TimelyDataflow / timely-dataflow

A modular implementation of timely dataflow in Rust
MIT License
3.23k stars 272 forks source link

A Question About Asynchrony #100

Open allain opened 6 years ago

allain commented 6 years ago

How are async operations handled?

If a message to a vertex represents a request for an HTTP Request, which causes another messages to be emitted with the returned payload, how would that fit into this model?

I may be misreading things but I don't see how an async operation and the processing of a message that doesn't output in messages can be told apart.

Are async operations exclusively intended to be "outside" the system?

(Admittedly I'm new to rust and may just be misunderstanding things).

frankmcsherry commented 6 years ago

Essentially all of the messaging in timely is async, message send and receive calls are all non-blocking, and only mean that in the future an instance of the downstream operator will receive what you've sent.

This means that all interfaces to timely computations need to be async as well, and in the case of an HTTP request you would be most likely to structure that as a request that you issue with some handle or connection information about where to return the result. As the request moves through the dataflow, it would keep this tag with it. The tail end of the dataflow would see a stream of assembled responses with these tags, and it would need to track down the connections on to which to foist the result. (edit: this is assuming you are writing a web service / server; if you were imagining a dataflow that makes http requests, that would probably look different).

I think the model of "web service as dataflow" has a lot of merit; my recollection is that @antiguru and @utaal may have looked at this, and I think the problem they found was that the Rust web frameworks weren't amenable to the adaptation in part because they like to be sneaky and secretive about their resources (e.g. with shared buffers managed cleverly). At the same time, the Soup folks at MIT are looking into dataflow for web databases, and I think they've had some luck with it.

frankmcsherry commented 6 years ago

I'm not sure I've nailed your question, but if you have an example "application" where you are trying to figure out whether timely would fit in, we could try and talk that through in more detail. I'm not 100% I understand what functionality you are trying to fit in.
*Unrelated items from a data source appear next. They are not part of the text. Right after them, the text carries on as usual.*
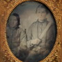 Superb early war sixth plate ambrotype of two Confederate brothers simply identified as Thomas and James Jones. The siblings sit side by side with the older of the two dressed in this very unique uniform. Sporting a grey jacket, a vertical black stripe runs up either side of the breast of the coat with the collar trimmed in black as well. The jacket is accented with a pair of cloth shoulder tabs and matching slash pockets located on either side of the midsection of the jacket. A band of black trim also adorns the cuffs of the jacket as well as each pocket. Armed with a large Bowie knife which is brandished against the breast, he wears a leather waist belt with double roller buckles. The younger of the two is dressed in a much simpler uniform. That jacket appears to be made of some very shoddy material. It lacks any sort of trim but does bear a pair of slash pockets located at the mid section similar to the uniform of the older brother. The younger of the two doesn’t appear to be more than 12 or 13 years of age. He is certainly very young at the very least. A pencil inscription inside the case reads, “Thomas J. Jones & brother James”. The uniform is very similar to those worn by troops from both Mississippi and Tennessee. I did locate a Thomas Jones who mustered at 13 years of age in the 1st Mississippi Cavalry accompanied by a James Jones in the same regiment. Whether or not that is the two men shown here, I could not say. It certainly deserves further research. Regardless a great looking reb image!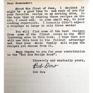 Bob Dow Cookbook WGuy Radio 1250 Presque Isle ME 1960s 1st Edition PB Book E14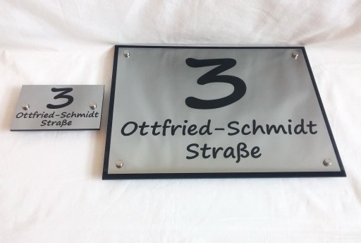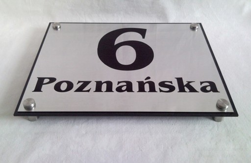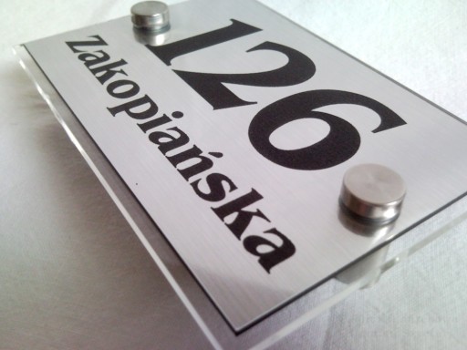 Grawerowana tabliczka z numerem domu oraz nazwą ulicy.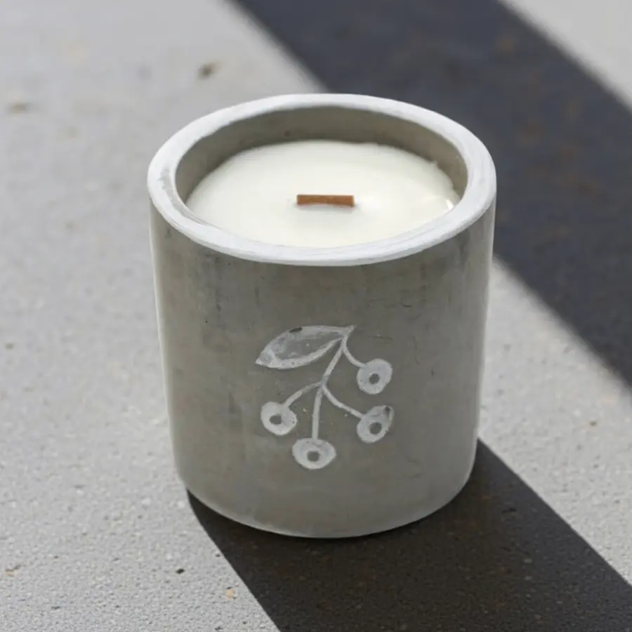 Materiał: Wosk sojowy, betonowa doniczka, drewniany knot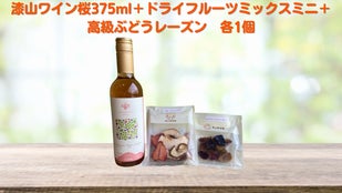 漆山ワイン桜375ml+ドライフルーツミックスミニ+高級ぶどうレーズン 各1個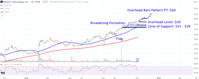 To project an overhead price target above the stock’s ATH, we can use a bars pattern, a chart technique that uses prior price action to predict future moves. In this case, we take Palantir’s trending move from September to October and overlay it from the broadening formation’s lower trendline, which forecasts a target of around $60.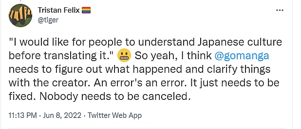 Sharing his friend’s wish that they “‘would like for people to understand Japanese culture before translating it,” Balistrieri asserted, “So yeah, I think @gomanga needs to figure out what happened and clarify things with the creator. An error’s an error. It just needs to be fixed. Nobody needs to be canceled.”

allain commented 6 years ago

Thanks for replying.

I suppose the problem I try out new tech with is a website scraper. I have about 400 clients with around 50 pages each form which I've got to scrape content.

If I'm understanding timely correctly, messages are delivered asynchronously (there's no saying exactly when a particular message will be delivered), but that once delivered to a vertex in OnRecv that it's all synchronous until OnRecv is complete.

If that particular OnRecv code examines the message and decides that it can't do anything until it has the content from a URL, I'm not sure how that'd get handled.

frankmcsherry commented 6 years ago

Aha. Ok, so between dataflow stages there are no guarantees about synchrony (but some about order). Within the context of an operator, the execution is single-threaded, and the code that you write from input.next() through output.send() runs uninterrupted. It may be that your operator gets some inputs (e.g. urls) that lead to work (e.g. async calls to servers) that cannot be resolved immediately, which you are welcome to punt on for the moment (e.g. with a Future) and finish processing in some future invocation of the operator.

There are some details here; timely has "capabilities" that allow operators to reserve the right to send output messages in the future, and you'll want to stash them with any Future that hasn't been resolved. For external async io, this is probably the way it works out, and timely doesn't really help you here (in the way that perhaps Tokio would).

So, I think you could write a vertex that "pretends" to be some async service, where you send it messages describing requests, it starts up the work and sends responses when they complete. Timely wouldn't be doing anything especially helpful here, and I guess what would be neat here is that it could interop with the rest of a dataflow computation.

Does this help?